▶ _PROVIDED INFORMATION_

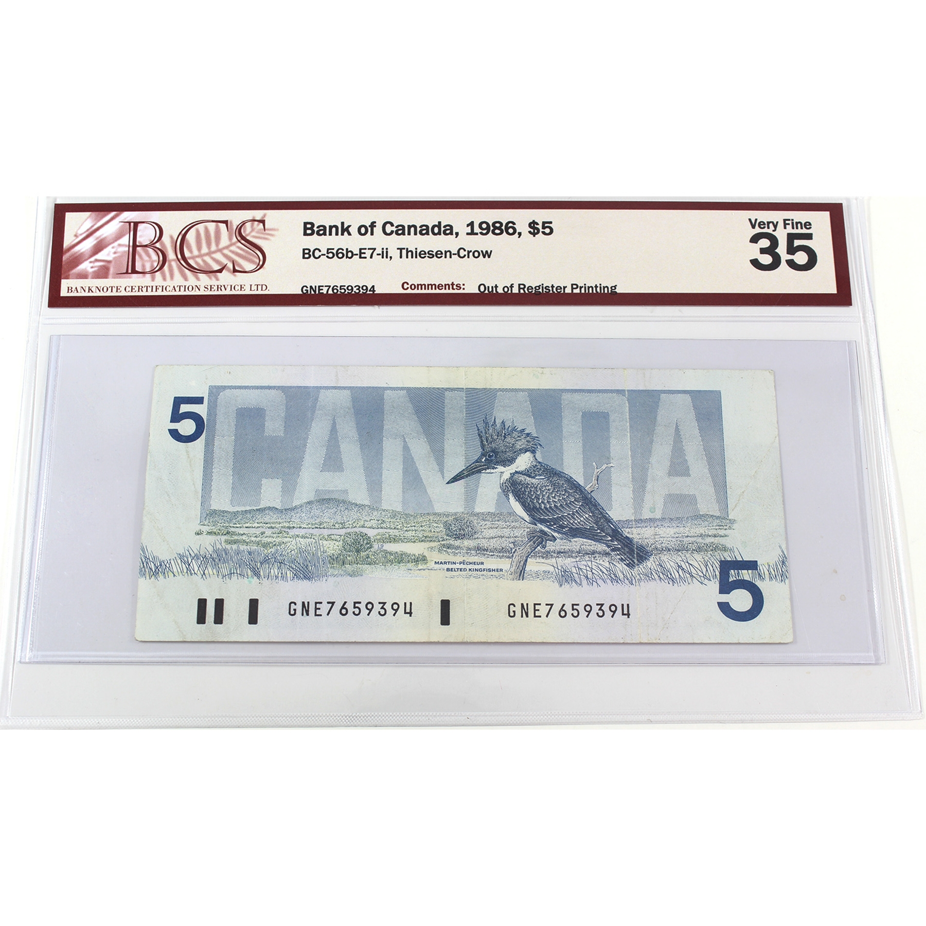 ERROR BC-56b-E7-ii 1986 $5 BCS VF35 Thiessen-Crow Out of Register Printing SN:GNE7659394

---

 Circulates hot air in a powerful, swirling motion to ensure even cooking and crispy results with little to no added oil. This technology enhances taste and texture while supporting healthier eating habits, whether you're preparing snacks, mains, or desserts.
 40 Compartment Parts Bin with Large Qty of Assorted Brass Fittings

▶ _EXERCISE REQUIREMENTS_
From the material above, count the lines that include "with" and give only the total.

▶ _OUTPUT BELOW_
2